We note that Abadie argues in his brief that there were funds which were seized from his checking account which consisted of annuity benefits and that these funds should be returned to him. We find nothing in the record to show that this issue was presented to and considered by the trial judge. In addition, we find no motion for appeal from any judgment of the trial court of this type filed by Abadie, nor do we find any answer filed by Abadie in this Court pursuant to La.C.C.P. art. 2133. Accordingly, this issue is not properly before us and we decline to address it.

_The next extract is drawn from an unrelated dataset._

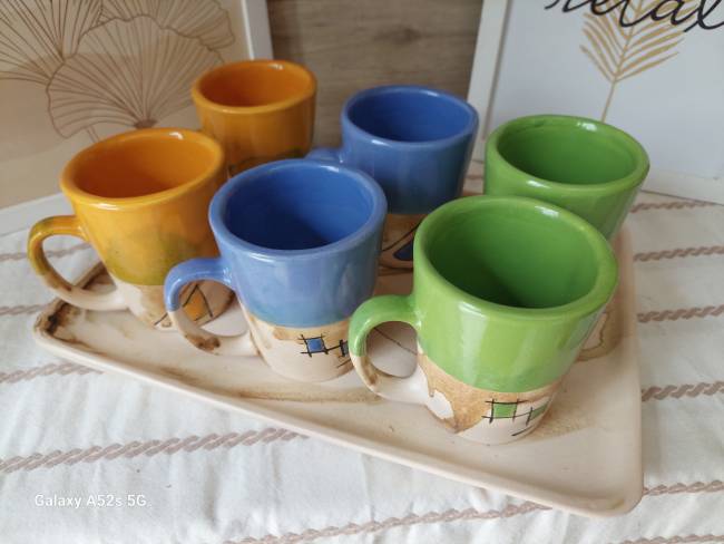 Set: 6 Tazas Redondo Mediano + Bandeja Grande

For the above discussed reasons, the judgment of the trial court is affirmed. All costs of this appeal are assessed against appellant, WellTech, Inc.
AFFIRMED.
DUFRESNE, J., concurs.
DUFRESNE, Judge, concurring.
I respectfully concur with the majority opinion. Although I agree that the statutes exempt all proceeds of and payments under annuity policies or plans, I write this concurrence only to urge that the arrangement in this case creates a loop-hole that never was intended to be.
Such a scheme or plan needs to be addressed by the legislature, otherwise anyone who is owed a substantial sum of money or obtains an award or judgment can have the proceeds placed out of reach of his creditors.
NOTES
[1] Abadie filed an appeal from that ruling. This Court, on the same date as the date of this opinion affirmed the decision of the trial judge finding that the Texas judgment was enforceable. See WellTech, Inc. v. Peter J. Abadie, Jr., et al, 95-620, 666 So. 2d 1234 (La.App. 5th Cir. 1996).